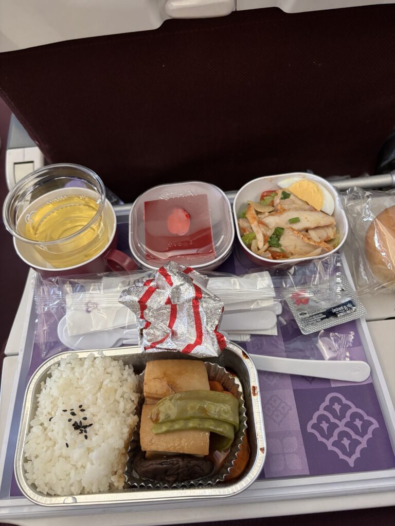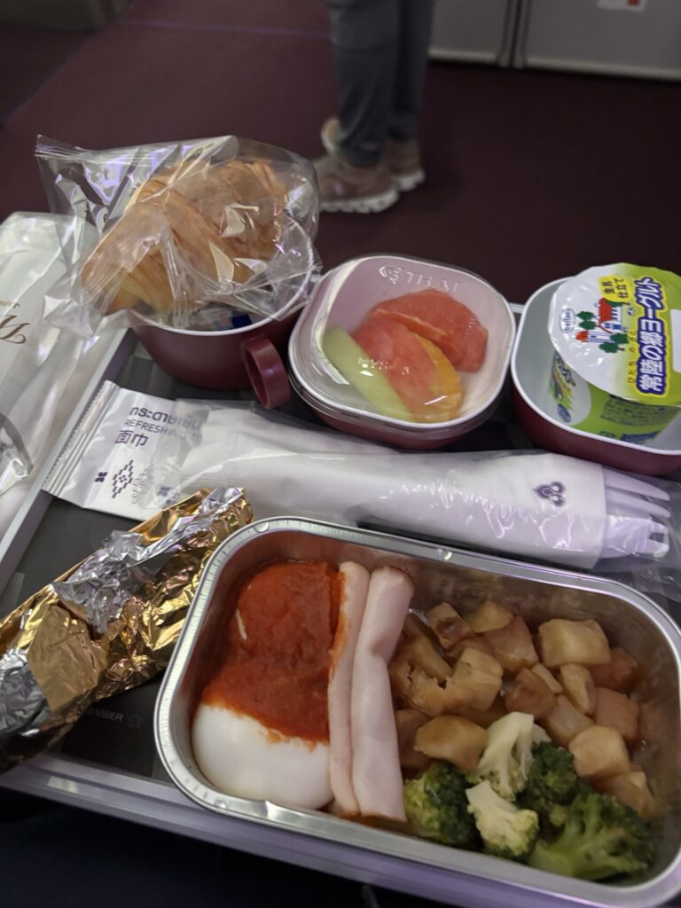 到着前(早朝4時?!)に朝食の機内食。ポーチドエッグ的な料理でした。
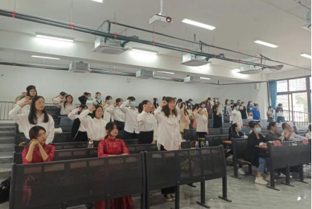 考研学生代表带领全体同学一同宣誓,铿锵有力的誓言表明了我院莘莘学子的决心
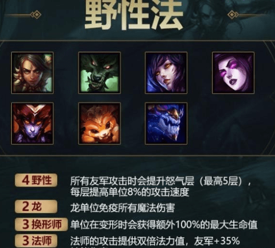 新手刚刚接触游戏时往往容易拿很多彼此没有任何联系的棋子,导致最后自己的阵容四不像。所以新手用户至少先熟悉一套阵容,弄懂该阵容中应该拿哪些棋子。这里给新手推荐一套狂野龙法的套路,7人口即可成型。前期尽力搜豹女、狼人,中后期核心龙王、纳尔,后期不需要存钱,尽力追星即可,非常适合新手用户。
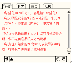 玩家之间的即时聊天工具,分为全部,世界,帮会,私聊,系统4个频道。
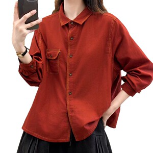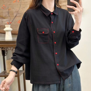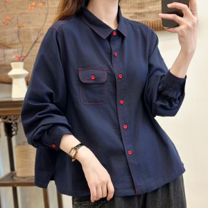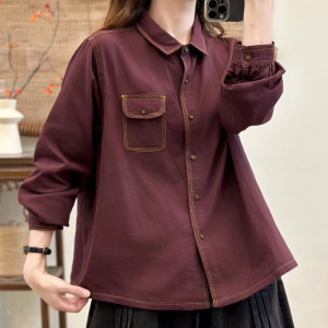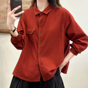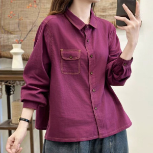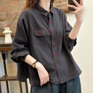 新款文艺休闲简约素色翻领上衣女宽松显瘦百搭休闲衬衫女装
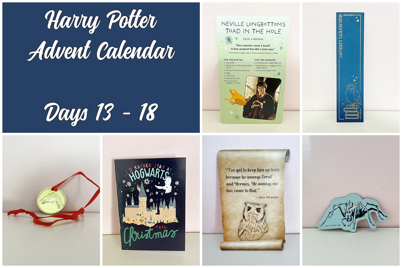 (13) recipe card; (14) leather bookmark; (15) dragon medal; (16) mini notebook; (17) quote card; and (18) mini magnet.

### To do
Once the line containing "玩家之间的即时聊天工具,分为全部,世界,帮会,私聊,系统4个频道。" has been located, transcribe exactly and only every line from the first line of the entries through it, excluding pictures.

### Output below
 到着前(早朝4時?!)に朝食の機内食。ポーチドエッグ的な料理でした。
 考研学生代表带领全体同学一同宣誓,铿锵有力的誓言表明了我院莘莘学子的决心
 新手刚刚接触游戏时往往容易拿很多彼此没有任何联系的棋子,导致最后自己的阵容四不像。所以新手用户至少先熟悉一套阵容,弄懂该阵容中应该拿哪些棋子。这里给新手推荐一套狂野龙法的套路,7人口即可成型。前期尽力搜豹女、狼人,中后期核心龙王、纳尔,后期不需要存钱,尽力追星即可,非常适合新手用户。
 玩家之间的即时聊天工具,分为全部,世界,帮会,私聊,系统4个频道。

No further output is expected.